第103回
「他山の石」はどんな石?

 ちょっと前の話だが、当時小学生だった私の子どもが持って帰った「学校だより」に目を通していて、おやおやと思う表現を見つけた。
 他校で起きたいじめ問題に関して、本校ではそのような実態は認められないが、決して他山の石とせず、そのようなことが起きないように注意深く学校生活の様子を見守っていきたい、という内容であった。
 もうお気づきになった方も多いであろう。引っかかったのは「他山の石とせず」の部分である。「他山の石」は間違った意味で使われるケースが増えていることわざの1つなのである。文化庁が実施した平成16(2004)年度の「国語に関する世論調査」でも、本来の意味である「他人の誤った言行も自分の行いの参考となる」で使う人が26.8パーセント、間違った意味の「他人の良い言行は自分の行いの手本となる」で使う人が18.1パーセントという結果が出ていて、間違った意味で使う人の数が正しい意味で使う人の数に迫りつつある。もともとの意味は、他の山にある質の悪い石でも自分の玉を磨くのには役立つということからなので、良い言行を手本にするという意味で使うのは誤りということになる。

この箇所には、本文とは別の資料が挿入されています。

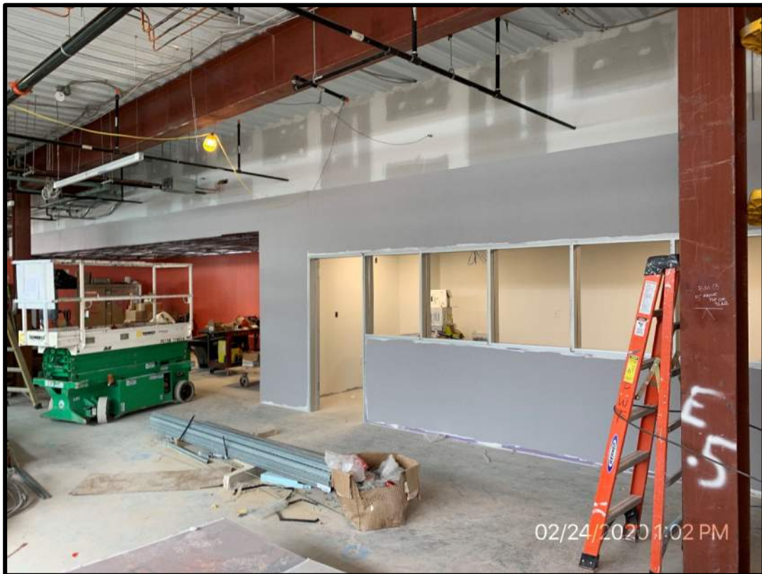
Library and library office current status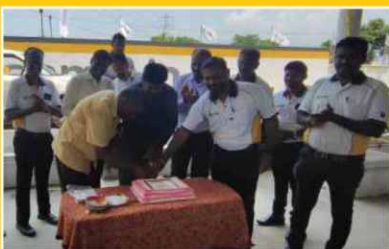
DINDIGUL AUTOMALL 17 th MAY 2023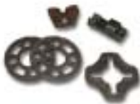
scaffolding spare parts connection discs rapid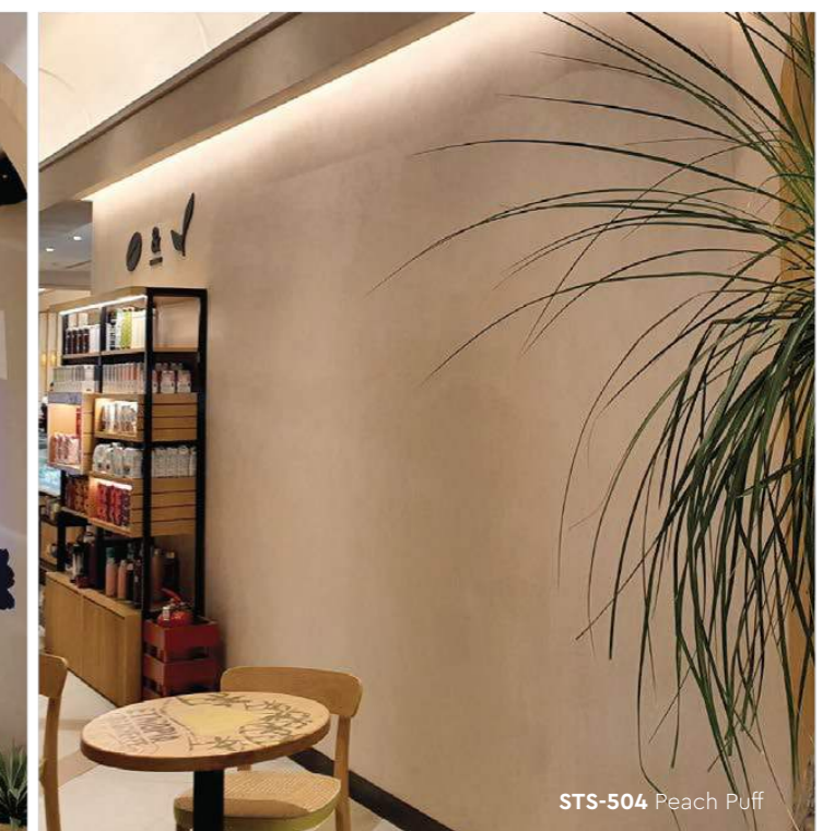
STS-504 Peach Puff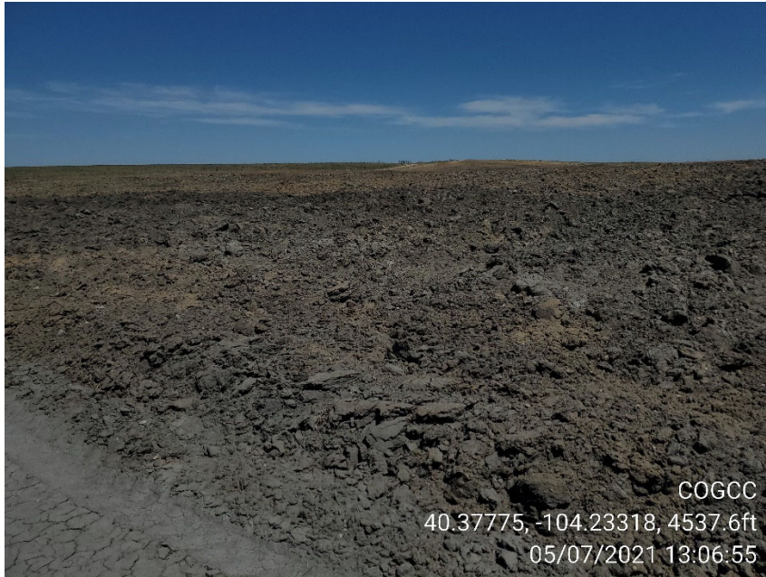
Photo 5 West side of land application site looking northeast.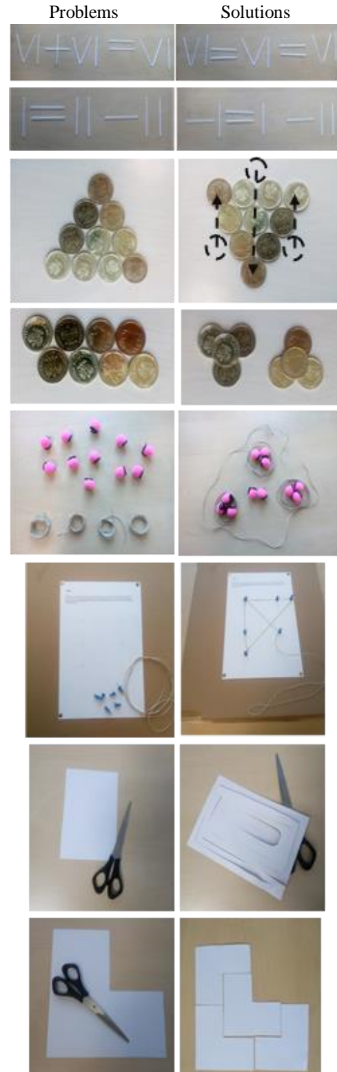
Fig. 1: The eight problems in initial configurations presented to the participants in the interactive format (left column) together with the sample correct solutions (right column). In the static format (not depicted) each problem elements were printed on a paper sheet, and a solution had to be drawn.

Problems administration. In all the 8 problems, there was an identical instruction for each variant, and the variants differed only in the presentation method and response format. In the static variant, problems were given on a sheet of paper, with a blank space for making notes and drawings, and for providing a solution using a pen. In the interactive variants, the participants were given a cardboard box with respective objects placed on it, but were not provided with anything to write with, so they had to physically manipulate the objects provided. Participants were tested in individual cabins. The time limit for each problem was 5 minutes.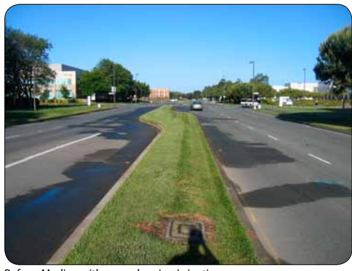
Before: Median with grass showing irrigation overspray.

A choice was made at the beginning of the project not to remove the existing lawn, but to use "sheet mulching" instead. Sheet mulching consists of placing layers of cardboard and mulch over the existing grass. The process nurtures the soil, suppresses weeds, and minimizes waste. Members of the surrounding community were invited to learn more and to watch sheet mulching in action.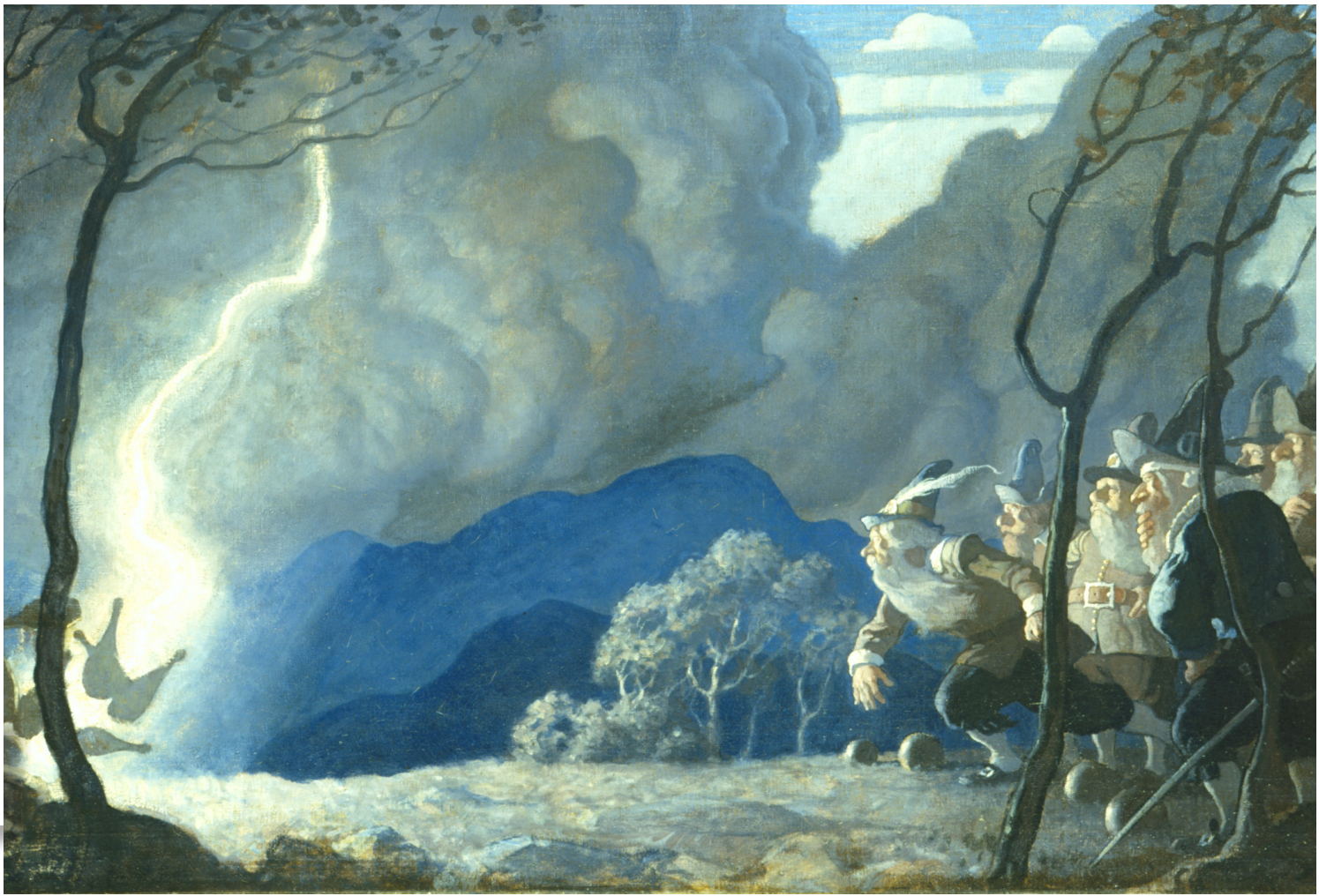
GNOMES BOWLING, 1921, N.C. Wyeth

AN EPIC JOURNEY THROUGH THREE GENERATIONS OF ART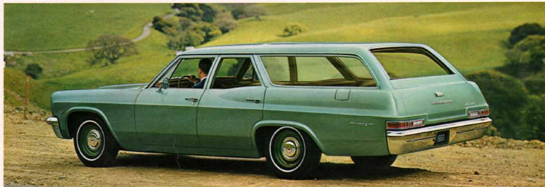
Left: Bel Air 4-Door 3-Seat Station Wagon in Mist Blue.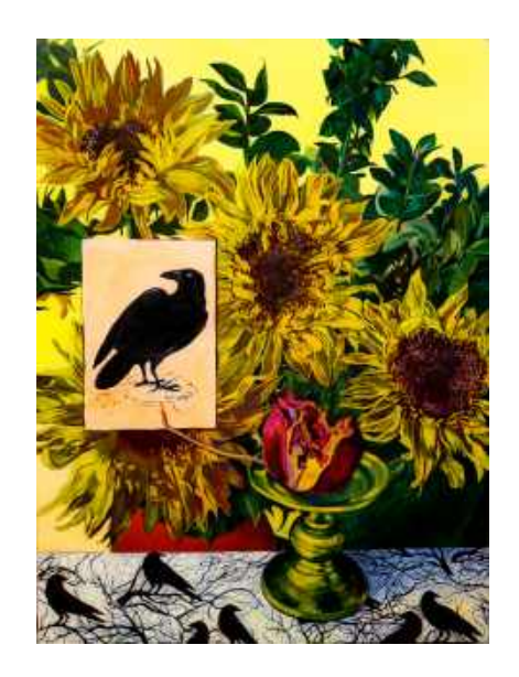
JACKLYN ST. AUBYN AS THE CROW FLIES, 2019 OIL ON PANEL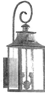
Troy Lighting Outdoor Entrance Wall Light TBCD9002OBZ Old Bronze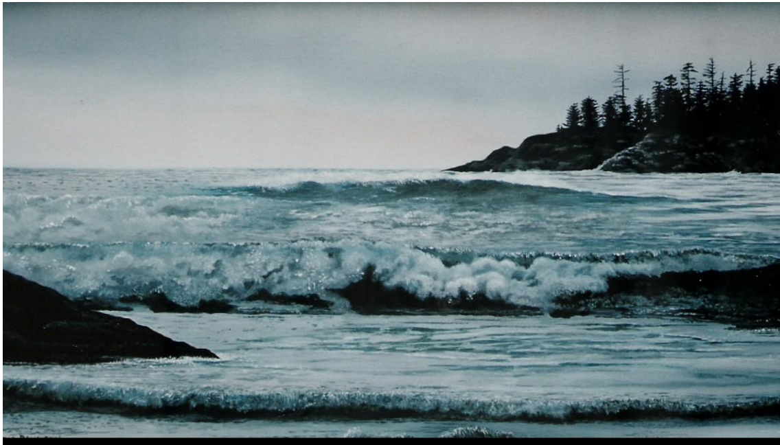
"Leonard Lighthouse Point", off Chesterman Beach, Tofino, B.C.

 ところが、「学校だより」の使い方は文化庁が調べた誤用とも違う、新しい?誤用と思われるのだ。文脈から考えると、「対岸の火事」「他人事」に近い意味で使っていると考えられるからである。最初は「学校だより」だけの誤用かとも思ったのだが、念のためにインターネットで検索してみると、「他山の石とせず」で何万件も引っかかるではないか。もちろん中には「他山の石とせず」の言い方が間違いであると指摘しているものもあるのだが。
 「他山の石」の誤用はかなり複雑になっているようで、改めて文化庁で実情にあった「世論調査」をしてもらいたいと思う。